The Chicago Bulls are 2-0 in 2013.
It's hard to imagine a better possible start to the new year than the one we've gotten, especially after ending 2012 with an embarrassing home loss to the Charlotte Bobcats. Wins against the Orlando Magic — without Joakim Noah — and the Miami Heat, both on the road, have rekindled a feeling amongst Bulls fans that this team can still be a legitimate contender when Derrick Rose finally comes back.
Enter yours truly, your collective cold shower.
Let's remember a few things. Number one, for all the optimism coming from behind close doors, there is precisely zero guarantee that Rose will be at the level we've become accustomed to when he returns. ACL tears are typically considered 18-24 month injuries in that it can take a substantial amount of time for a player to get back to his previous level. Adrian Peterson, for all that he's accomplished, is the exception, not the rule. Granted, virtually anything Rose can contribute will be a substantial upgrade over Kirk Hinrich, but that's not the point.
Second, the last time the Bulls pulled off an upset on the road against an elite team in the East — December 21 against the New York Knicks — they followed it up by going 1-3 with the only win coming at home over a truly terrible Washington Wizards team. So let's not get ahead of ourselves.
Thirdly, the Heat, as good as they may be, are a great matchup for the Bulls. As the Bulls demonstrated, given the proper circumstances, the Heat can be beaten on the glass. Badly. The Knicks also have issues in that respect. Both of those teams like to play small, with LeBron James and Carmelo Anthony playing the four, respectively. The Bulls have elite rebounders and possess the ability to match up with such teams without compromising size for quickness. Joakim Noah and Taj Gibson are perfectly capable of handling perimeter players and big men alike, which gives Tom Thibodeau a huge edge in flexibility. He can go small, making Luol Deng the nominal power forward, or he can stay big and trust his players to play solid defense anyway while also destroying the other team on the glass. Absent those matchup advantages, the Bulls could be screwed. The Indiana Pacers and Atlanta Hawks have beaten the Bulls already this year because they have the size to bang with the Bulls inside and the Bulls don't have any kind of offensive firepower on the perimeter.
Which brings us back to Rose.
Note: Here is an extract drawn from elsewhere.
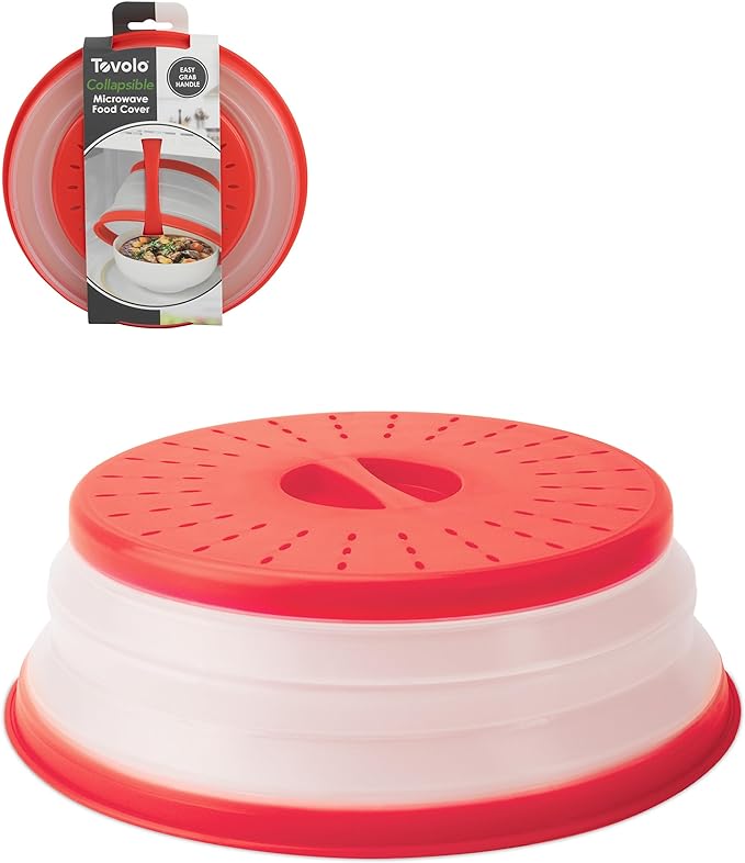 (1 product)Tovolo Vented Collapsible Microwave Food Cover With Easy Grip Handle, Dishwasher-Safe, BPA-Free Silicone & Plastic, 10.5" Round, Red
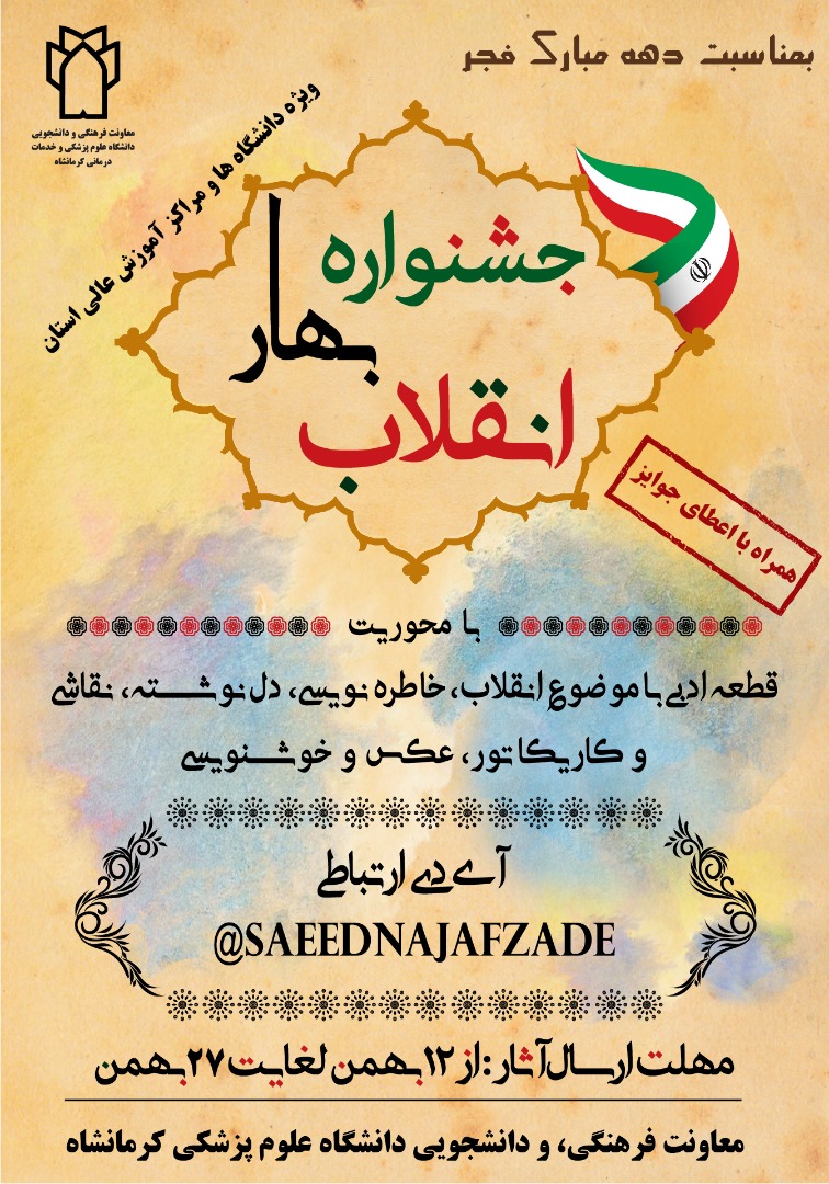 06 02 2021 842 جشنواره استانی «بهار انقلاب» 1399/11/27 دانشگاه علوم پزشکی کرمانشاه، جشنوارۀ استانی «بهار انقلاب» را ویژۀ دانشگاه ها و مراکز آموزش عالی استان کرمانشاه برگزار می نماید. با محوریت:...

Much of the optimism is centered on his return, and rightfully so. But a lot of people seem to think that he will return and magically be himself — or better, somehow — and lead the Bulls deep into the playoffs. And it could happen. But the matchups are going to have to fall perfectly, and don't forget they'd still have to beat whoever comes out of the West to win a title. Their forays into the Western Conference have gone very not-well. They're 4-8 against the West, with their only wins coming against the Sacramento Kings, Dallas Mavericks, Phoenix Suns and Minnesota Timberwolves, all of whom are at best fringe playoff teams. And three of those wins came at home.
I'm all for hope and optimism. Lord knows we need it. I would just prefer that we hold off, thus avoiding the crushing blow of disappointment if Rose isn't himself or the matchups don't fall just right. I'd rather be pleasantly surprised, given a choice.
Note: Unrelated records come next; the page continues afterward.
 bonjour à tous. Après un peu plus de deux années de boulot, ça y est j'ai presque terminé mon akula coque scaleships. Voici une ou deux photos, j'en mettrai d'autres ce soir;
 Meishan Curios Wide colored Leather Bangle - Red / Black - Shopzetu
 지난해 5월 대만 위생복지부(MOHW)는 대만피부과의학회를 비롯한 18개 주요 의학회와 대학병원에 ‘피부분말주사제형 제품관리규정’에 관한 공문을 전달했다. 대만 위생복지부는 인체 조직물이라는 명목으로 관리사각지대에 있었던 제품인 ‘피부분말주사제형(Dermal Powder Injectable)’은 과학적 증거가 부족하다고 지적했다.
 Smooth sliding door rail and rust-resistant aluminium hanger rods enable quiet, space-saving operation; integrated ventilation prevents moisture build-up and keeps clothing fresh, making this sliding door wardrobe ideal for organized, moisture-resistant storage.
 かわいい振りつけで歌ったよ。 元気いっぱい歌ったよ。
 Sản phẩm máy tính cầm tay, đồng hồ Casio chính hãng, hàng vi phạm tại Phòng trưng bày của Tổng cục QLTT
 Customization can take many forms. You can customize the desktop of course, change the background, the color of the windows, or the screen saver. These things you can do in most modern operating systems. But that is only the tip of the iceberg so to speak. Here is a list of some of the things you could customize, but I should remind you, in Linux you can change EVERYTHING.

I realize I haven't spent much time talking about the actual game in this piece, for which I apologize. But the Bulls have already beaten the Cavs in Cleveland twice, so you would think they wouldn't have much trouble tonight. But then again, you never know with this team.
Anyway, Good Carlos Boozer showed up in Florida, putting up a season high 31 points to go along with 11 rebounds in Orlando, then going for 27 on 12/17 shooting with 12 rebounds against the Heat. That is what the Bulls thought they were getting when they handed Boozer a 5 year, $75 million contract back in July 2010. If he shows up on a consistent basis, you can toss out everything I said earlier. And with Anderson Varejao out, if that Boozer shows up tonight, the Cavs don't have a chance, Kyrie Irving notwithstanding.